■ The task
In this exercise, the entries below include pictures. Repeat exactly the lines from the line with "本次活动,通过第一阶段无限P" to the line with "White Striped Trim", including both, but without the pictures.

■ Material for this exercise

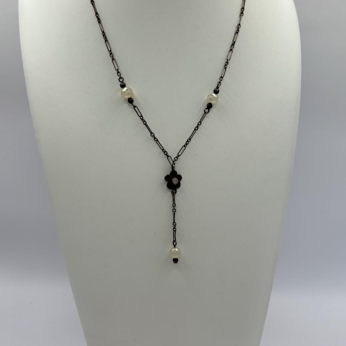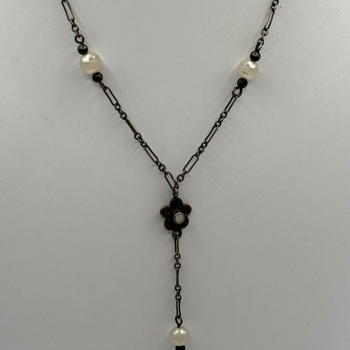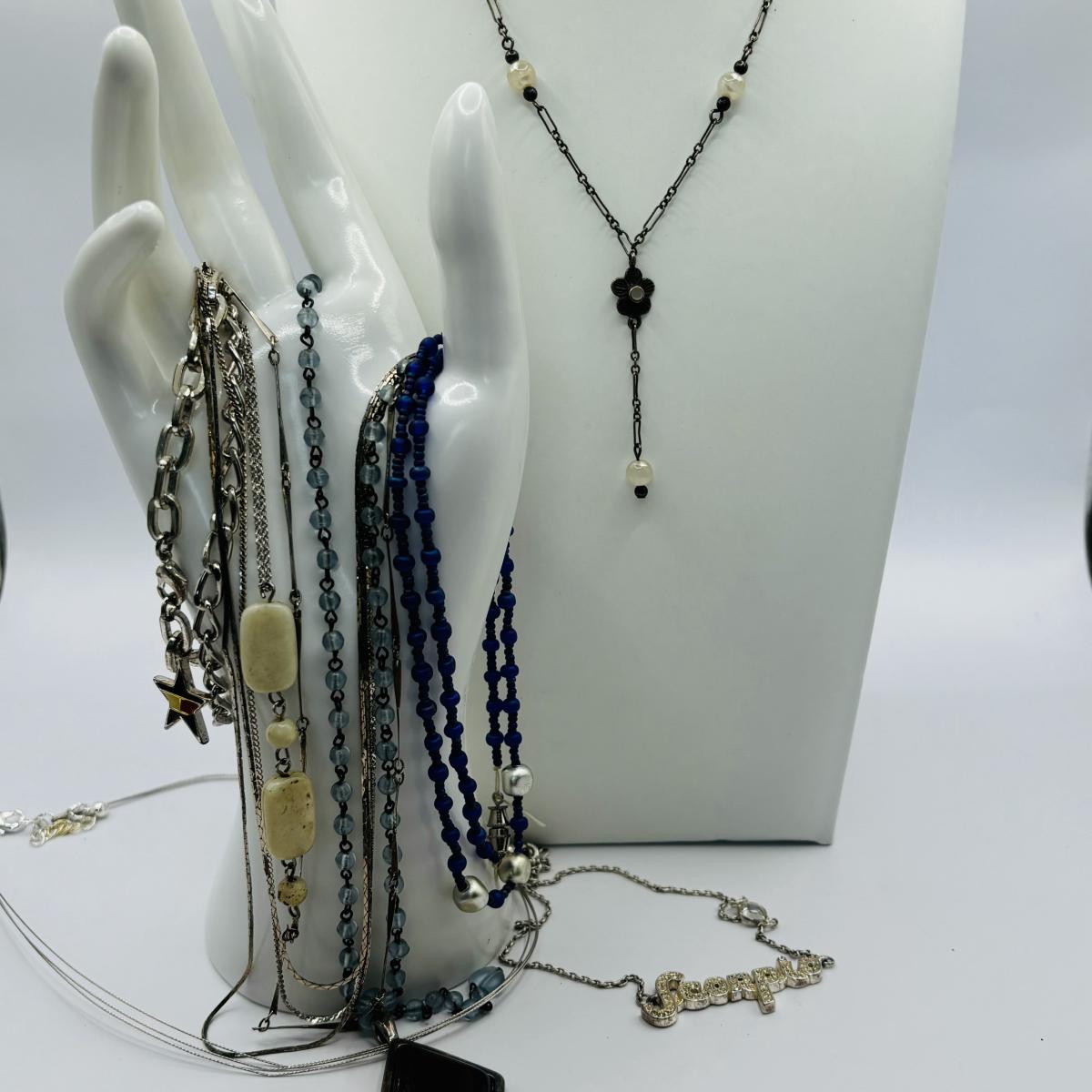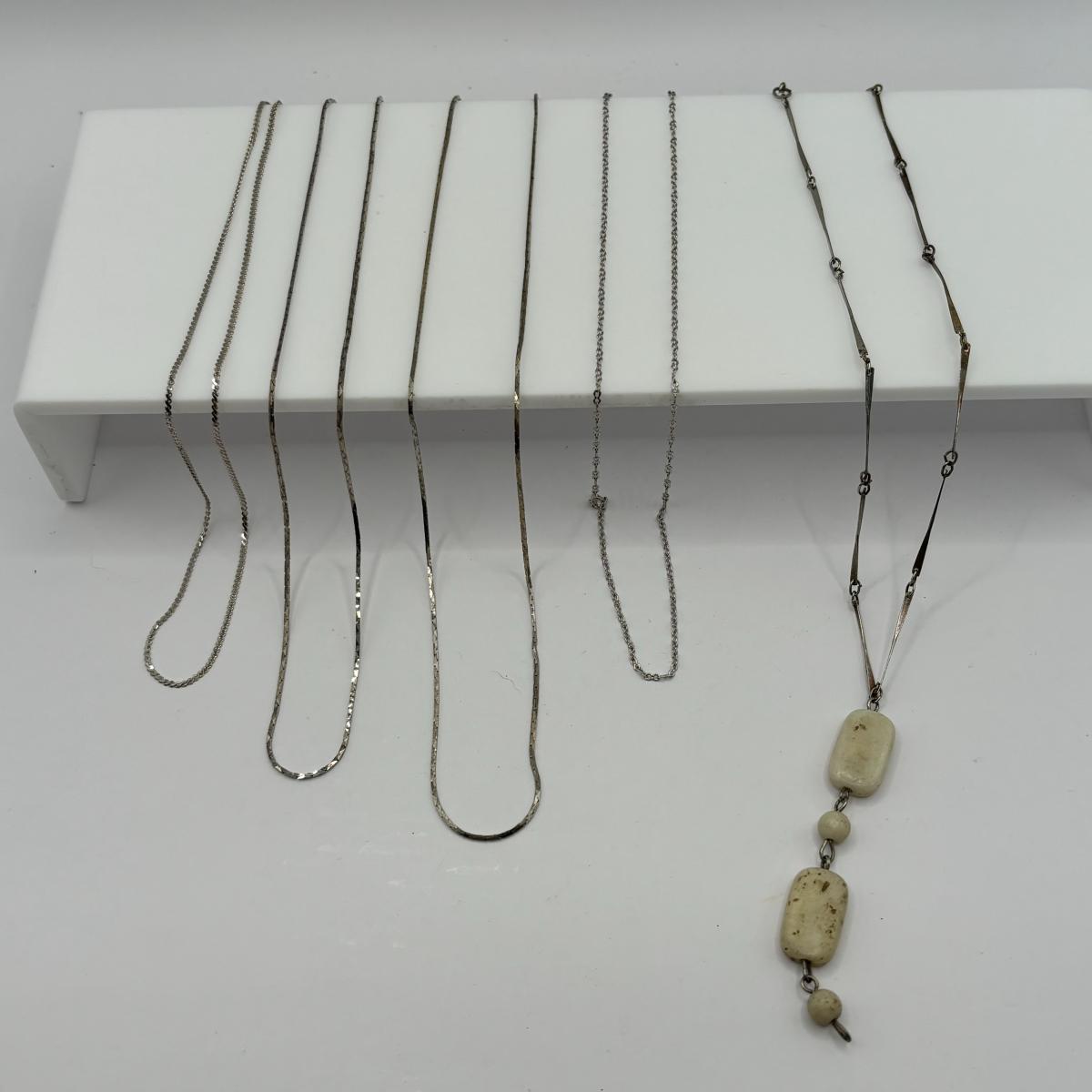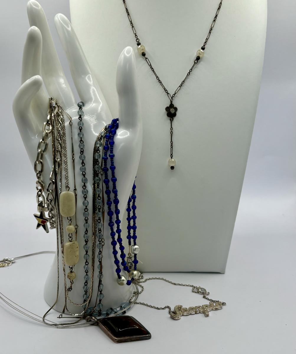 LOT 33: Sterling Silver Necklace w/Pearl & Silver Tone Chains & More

==

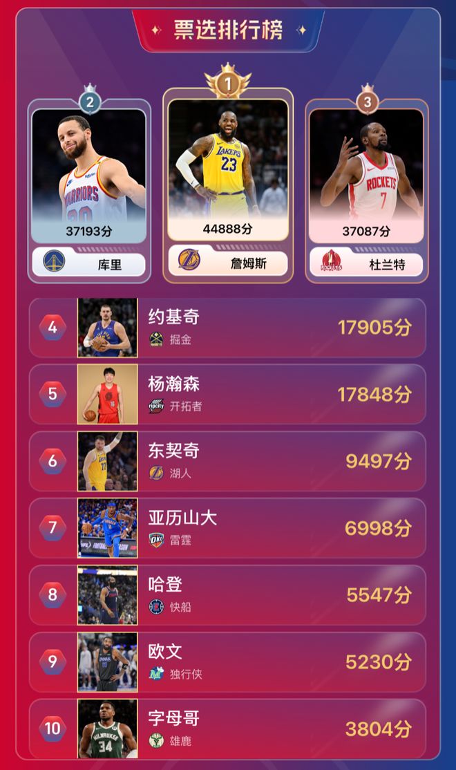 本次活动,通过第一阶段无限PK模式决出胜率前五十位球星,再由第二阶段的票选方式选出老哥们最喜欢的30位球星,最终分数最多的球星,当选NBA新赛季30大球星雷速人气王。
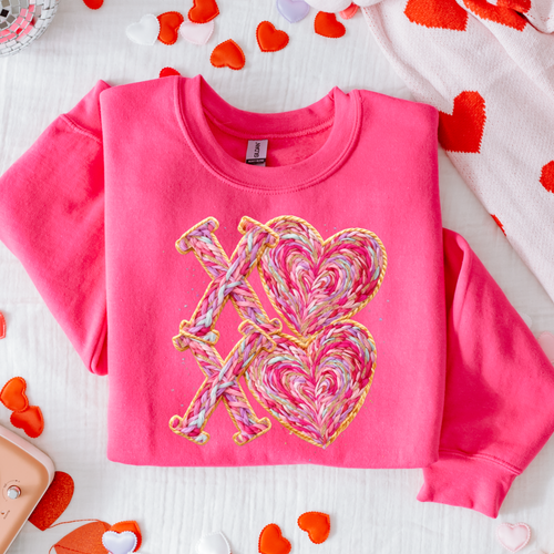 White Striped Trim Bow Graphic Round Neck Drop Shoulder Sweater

■ Response for this exercise
 本次活动,通过第一阶段无限PK模式决出胜率前五十位球星,再由第二阶段的票选方式选出老哥们最喜欢的30位球星,最终分数最多的球星,当选NBA新赛季30大球星雷速人气王。
 White Striped Trim Bow Graphic Round Neck Drop Shoulder Sweater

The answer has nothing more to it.